From an external point P, two tangents, PA and PB are drawn to a circle with centre O. At one point E on the circle tangent is drawn which intersects PA and PB at C and D, respectively. If PA = 10 cm, find the perimeter of the triangle PCD
Solution:
Given, PA and PB are the two tangents drawn to a circle with centre O though an external point P.
At point E on the circle the tangent is drawn which intersects PA and PB at C and D.
Given, PA = 10 cm
We have to find the perimeter of the triangle PCD.

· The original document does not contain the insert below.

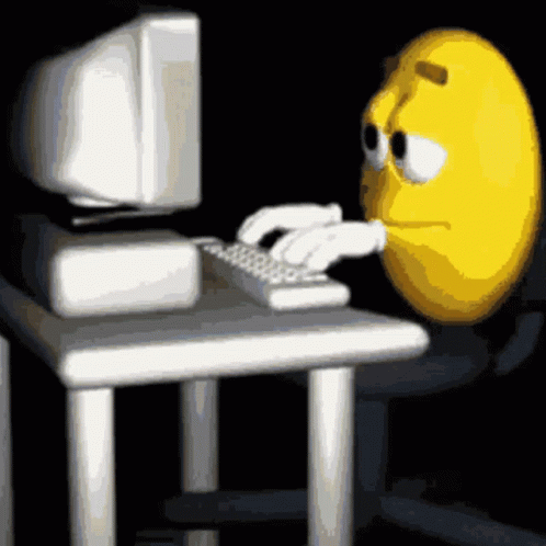 A yellow smiley face character, associated with Shto 7tv, intently types on a computer keyboard.

We know that the tangents drawn to a circle through an external point are equal.
From the figure,
The tangents drawn through point P are PA and PB
So, PA = PB -------------- (1)
The tangents to the circle through C are CA and CE
So, CA = CE -------------- (2)
The tangents to the circle through D are DB = DE
So, DB = DE -------------- (3)
Considering triangle PCD,
Perimeter = PC + PD + CD
From the figure,
CD = CE + DE
So, perimeter = PC + PD + CE + DE
From (2) and (3),
Perimeter = PC + PD + CA + DB
On rearranging,
Perimeter = PC + CA + PD + DB
From the figure,
PC + CA = PA
PD + DB = PB
By (1), PA = PB
So, perimeter = PA + PB
Perimeter = PA + PA
= 2PA
Given, PA = 10 cm
So, 2PA = 2(10)
= 20 cm
Therefore, the perimeter of the triangle PCD is 20 cm.
✦ Try This: If tangents PA and PB from a point P to a circle with center O are drawn so that ∠APB = 80°, then, ∠POA?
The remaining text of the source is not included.